[Stored entries]
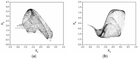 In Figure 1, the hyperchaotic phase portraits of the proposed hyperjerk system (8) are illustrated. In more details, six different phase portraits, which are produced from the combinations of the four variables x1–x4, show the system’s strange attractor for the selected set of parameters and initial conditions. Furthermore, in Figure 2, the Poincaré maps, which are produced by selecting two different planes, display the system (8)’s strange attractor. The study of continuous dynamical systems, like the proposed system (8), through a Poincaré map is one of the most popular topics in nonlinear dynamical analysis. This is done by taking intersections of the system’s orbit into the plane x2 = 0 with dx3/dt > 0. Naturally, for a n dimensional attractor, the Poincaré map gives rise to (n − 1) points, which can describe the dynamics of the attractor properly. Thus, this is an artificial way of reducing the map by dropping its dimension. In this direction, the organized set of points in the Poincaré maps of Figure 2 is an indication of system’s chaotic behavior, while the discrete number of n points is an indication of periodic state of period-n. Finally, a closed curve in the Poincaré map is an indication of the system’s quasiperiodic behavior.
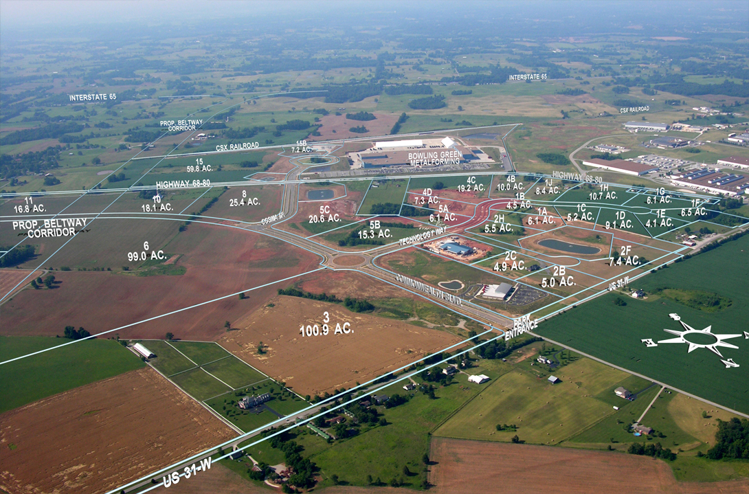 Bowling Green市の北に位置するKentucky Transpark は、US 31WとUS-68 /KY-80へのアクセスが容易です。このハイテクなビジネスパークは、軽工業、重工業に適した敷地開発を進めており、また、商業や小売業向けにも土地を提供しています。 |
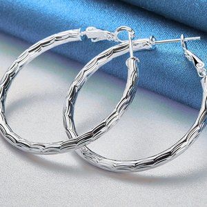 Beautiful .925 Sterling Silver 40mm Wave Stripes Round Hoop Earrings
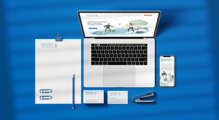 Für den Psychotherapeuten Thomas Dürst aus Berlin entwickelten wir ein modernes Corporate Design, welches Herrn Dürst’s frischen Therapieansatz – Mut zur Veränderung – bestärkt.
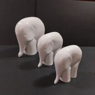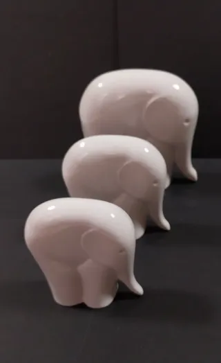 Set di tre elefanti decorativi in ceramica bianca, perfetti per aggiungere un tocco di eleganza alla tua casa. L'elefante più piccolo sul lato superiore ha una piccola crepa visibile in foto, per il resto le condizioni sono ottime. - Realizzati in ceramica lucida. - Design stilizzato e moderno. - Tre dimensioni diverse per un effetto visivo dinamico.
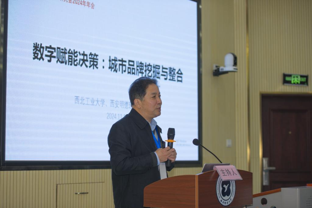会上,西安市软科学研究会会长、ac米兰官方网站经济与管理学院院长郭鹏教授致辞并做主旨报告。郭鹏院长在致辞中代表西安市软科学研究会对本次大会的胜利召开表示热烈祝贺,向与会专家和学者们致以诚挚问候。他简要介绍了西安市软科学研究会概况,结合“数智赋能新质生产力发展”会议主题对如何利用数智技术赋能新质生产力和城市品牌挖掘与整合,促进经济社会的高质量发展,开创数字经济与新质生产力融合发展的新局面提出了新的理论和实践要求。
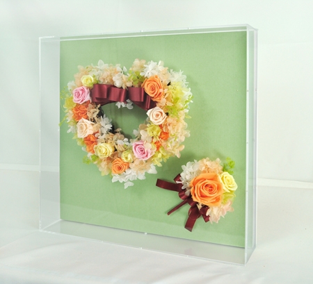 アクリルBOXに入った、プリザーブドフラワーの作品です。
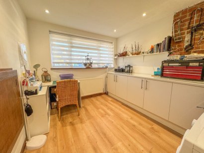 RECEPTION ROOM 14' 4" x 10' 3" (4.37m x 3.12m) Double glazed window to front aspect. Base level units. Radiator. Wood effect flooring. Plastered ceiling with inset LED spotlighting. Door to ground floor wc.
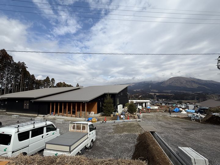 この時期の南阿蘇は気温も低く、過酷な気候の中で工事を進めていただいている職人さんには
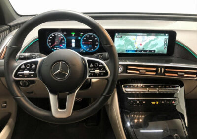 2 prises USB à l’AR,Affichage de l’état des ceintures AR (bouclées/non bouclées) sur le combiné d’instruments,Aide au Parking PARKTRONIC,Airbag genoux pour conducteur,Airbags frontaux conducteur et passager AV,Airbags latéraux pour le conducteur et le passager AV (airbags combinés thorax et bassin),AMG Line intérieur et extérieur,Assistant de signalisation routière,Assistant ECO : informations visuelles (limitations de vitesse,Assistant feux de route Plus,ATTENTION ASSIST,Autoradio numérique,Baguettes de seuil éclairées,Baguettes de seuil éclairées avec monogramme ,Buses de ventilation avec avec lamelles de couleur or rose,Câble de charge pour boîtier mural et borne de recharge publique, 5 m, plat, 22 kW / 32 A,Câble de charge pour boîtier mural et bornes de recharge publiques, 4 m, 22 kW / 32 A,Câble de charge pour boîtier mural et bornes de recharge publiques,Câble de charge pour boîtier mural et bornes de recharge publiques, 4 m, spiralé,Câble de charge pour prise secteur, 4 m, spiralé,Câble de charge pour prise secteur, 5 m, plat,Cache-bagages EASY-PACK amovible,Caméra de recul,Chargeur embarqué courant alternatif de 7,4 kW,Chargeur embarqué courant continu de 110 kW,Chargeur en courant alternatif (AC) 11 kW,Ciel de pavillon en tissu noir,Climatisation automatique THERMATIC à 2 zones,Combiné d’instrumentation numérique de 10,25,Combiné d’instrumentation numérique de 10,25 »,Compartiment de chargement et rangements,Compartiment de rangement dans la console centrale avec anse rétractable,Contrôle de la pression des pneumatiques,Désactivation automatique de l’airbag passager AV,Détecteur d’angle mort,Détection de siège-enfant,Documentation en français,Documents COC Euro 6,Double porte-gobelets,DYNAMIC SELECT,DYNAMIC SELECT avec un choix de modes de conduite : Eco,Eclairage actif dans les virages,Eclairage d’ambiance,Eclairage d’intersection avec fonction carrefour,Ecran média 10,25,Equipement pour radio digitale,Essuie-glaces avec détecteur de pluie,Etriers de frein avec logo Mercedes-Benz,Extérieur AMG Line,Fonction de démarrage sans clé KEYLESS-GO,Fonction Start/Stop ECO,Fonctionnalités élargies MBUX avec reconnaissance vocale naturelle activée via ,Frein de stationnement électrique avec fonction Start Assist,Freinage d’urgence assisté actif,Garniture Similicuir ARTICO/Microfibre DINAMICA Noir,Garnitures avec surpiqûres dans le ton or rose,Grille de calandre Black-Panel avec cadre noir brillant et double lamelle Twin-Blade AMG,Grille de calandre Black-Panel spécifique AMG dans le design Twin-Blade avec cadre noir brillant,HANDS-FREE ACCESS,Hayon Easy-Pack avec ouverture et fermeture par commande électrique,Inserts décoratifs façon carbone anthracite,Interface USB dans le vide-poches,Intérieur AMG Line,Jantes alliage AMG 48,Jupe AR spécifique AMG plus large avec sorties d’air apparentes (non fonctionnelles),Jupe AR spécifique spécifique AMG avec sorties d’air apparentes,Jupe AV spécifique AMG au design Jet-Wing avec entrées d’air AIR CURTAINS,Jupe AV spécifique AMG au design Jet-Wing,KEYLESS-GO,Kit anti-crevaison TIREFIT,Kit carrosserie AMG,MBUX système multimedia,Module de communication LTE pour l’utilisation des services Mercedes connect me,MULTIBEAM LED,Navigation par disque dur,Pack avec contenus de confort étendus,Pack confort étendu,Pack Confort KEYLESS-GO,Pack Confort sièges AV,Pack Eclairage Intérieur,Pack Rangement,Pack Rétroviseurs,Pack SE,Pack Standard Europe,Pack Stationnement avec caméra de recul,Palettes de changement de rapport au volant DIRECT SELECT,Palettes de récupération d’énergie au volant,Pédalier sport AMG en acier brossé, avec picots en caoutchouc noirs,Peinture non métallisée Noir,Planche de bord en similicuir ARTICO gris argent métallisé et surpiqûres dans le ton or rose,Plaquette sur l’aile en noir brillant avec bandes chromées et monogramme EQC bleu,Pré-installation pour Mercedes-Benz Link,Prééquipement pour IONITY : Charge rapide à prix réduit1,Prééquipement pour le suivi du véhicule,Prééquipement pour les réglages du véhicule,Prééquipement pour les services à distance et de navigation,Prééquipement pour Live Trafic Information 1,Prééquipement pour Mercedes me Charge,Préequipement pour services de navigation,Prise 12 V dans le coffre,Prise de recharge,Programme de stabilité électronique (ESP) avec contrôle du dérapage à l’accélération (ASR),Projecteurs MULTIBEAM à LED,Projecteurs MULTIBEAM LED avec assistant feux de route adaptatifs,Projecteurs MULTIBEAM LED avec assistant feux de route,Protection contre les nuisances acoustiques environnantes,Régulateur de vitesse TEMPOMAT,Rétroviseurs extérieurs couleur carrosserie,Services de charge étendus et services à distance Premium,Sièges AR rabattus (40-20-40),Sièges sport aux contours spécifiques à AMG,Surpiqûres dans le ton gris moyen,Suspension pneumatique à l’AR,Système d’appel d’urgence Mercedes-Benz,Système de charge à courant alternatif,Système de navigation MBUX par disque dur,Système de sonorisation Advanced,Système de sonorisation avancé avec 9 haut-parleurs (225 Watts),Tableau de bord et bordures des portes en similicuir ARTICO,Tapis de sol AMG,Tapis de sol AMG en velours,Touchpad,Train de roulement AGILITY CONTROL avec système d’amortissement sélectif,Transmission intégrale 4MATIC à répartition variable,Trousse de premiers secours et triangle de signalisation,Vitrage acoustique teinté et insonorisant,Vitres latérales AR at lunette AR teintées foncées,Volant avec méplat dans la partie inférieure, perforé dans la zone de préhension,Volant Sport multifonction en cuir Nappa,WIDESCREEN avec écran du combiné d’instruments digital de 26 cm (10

#### Description of the task:
Using the entries above, extract exactly the lines from the one that contains "Beautiful .925 Sterling" through the one that contains "Für den Psychotherapeuten". Do not carry over any pictures.

#### Answer space:
 Beautiful .925 Sterling Silver 40mm Wave Stripes Round Hoop Earrings
 Für den Psychotherapeuten Thomas Dürst aus Berlin entwickelten wir ein modernes Corporate Design, welches Herrn Dürst’s frischen Therapieansatz – Mut zur Veränderung – bestärkt.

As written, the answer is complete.